Внутри гремела торжественная музыка — заканчивалась церемония еще одной пары. Многочисленные их гости повалили из зала в широкий коридор, и я растворился в толпе, тут же получил бокал шампанского в руки, выпил за здоровье молодых, расцеловался с плачущей свидетельницей и вальсом, вальсом выскользнул в закоулок, в сторону уборной. Если Анна в здании, она должна быть где-то здесь.
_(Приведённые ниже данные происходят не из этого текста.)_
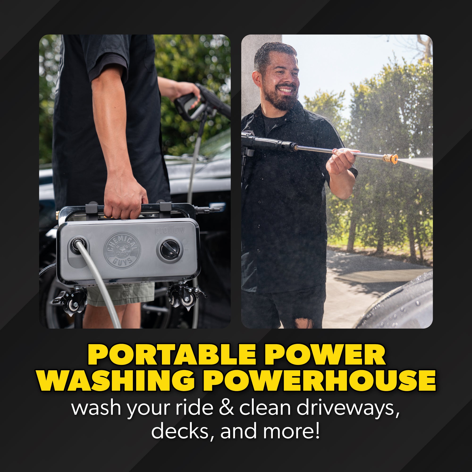 Get pro-level results at home with this premium pressure washer kit. The compact ProFlow PM2000 Pro pressure washer powers through dirt with the TORQ Snubby gun. Big Mouth Max Release Foam Cannon. and Mr. Pink Foam Party. Dry your ride with After Wash and the ultra-absorbent Woolly Mammoth Drying Towel. your shortcut to a showroom-ready. glossy finish.?
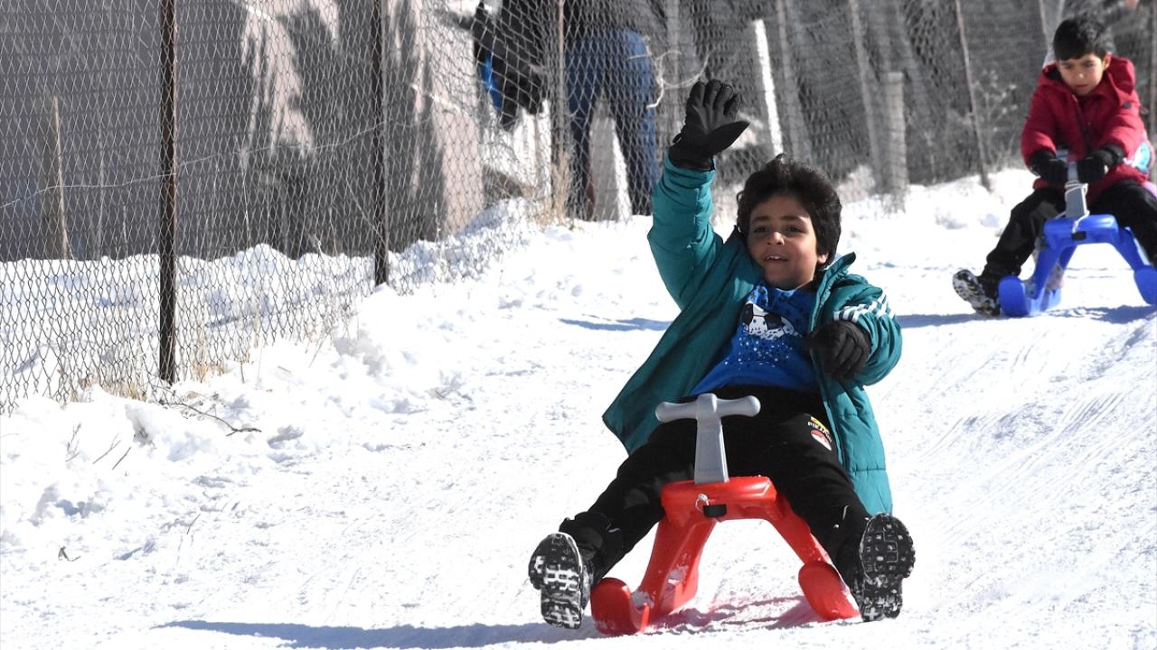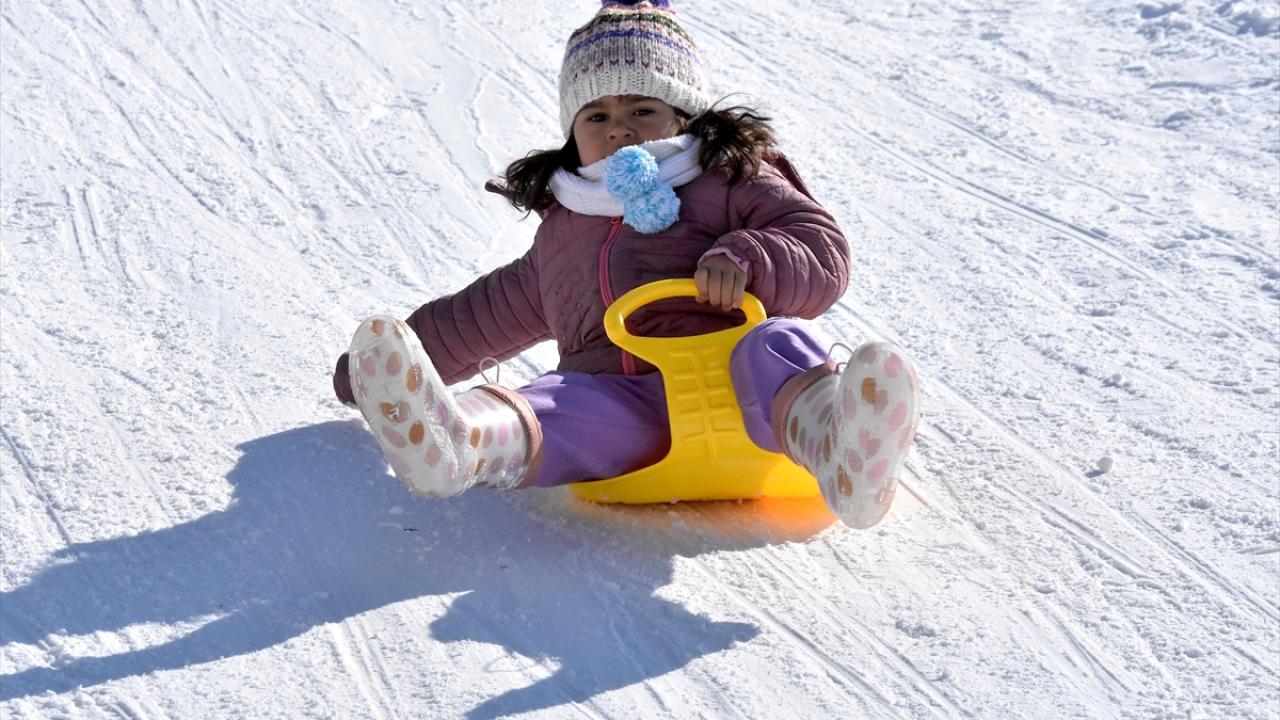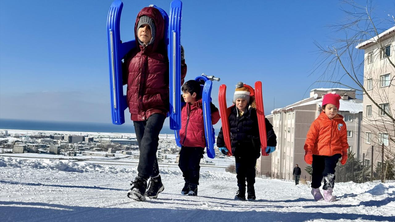 Kızaklarıyla tepeye tırmanan çocuklar, gün boyunca kayarak eğlenceli zaman geçiriyor.

Я схватился за ручку двери дамского туалета и застыл, прислушался. За стенкой звучал девичий смех. Я узнал голос. Она.

Дверь распахнулась, меня потянуло вслед за ней, и перед моими глазами возникла высокая тучная брюнетка в голубом — одна из подружек невесты, не модель. За ее мощной спиной я тщетно силился разглядеть больше, чем длинный подол белоснежного платья.

— Ой! — пискнула брюнетка. — Это ведь женский!

— Ой, — ответил я, — а я знаю.

Оттеснил ее, выпихнул прочь, закрыл за собой изнутри.

Внутри оказалось довольно тесно — сиденье унитаза, умывальник, зеркало слева, пара квадратных метров пространства. Здесь, на этих самых двух метрах, стояли мы с чужой невестой: я у двери, она у зеркала. Я, бледный от волнения и страха, она, дочерна загорелая, румяная, темноглазая. Прикусила губу, глядя на меня молча. Так, словно и не удивилась вовсе. Словно ждала, что явлюсь.

— Привет, — глупо, но я не нашел, чем еще начать. — Какая ты красивая…

Она кивнула, каштановые волны, закрученные спиралью, слегка пошевелились.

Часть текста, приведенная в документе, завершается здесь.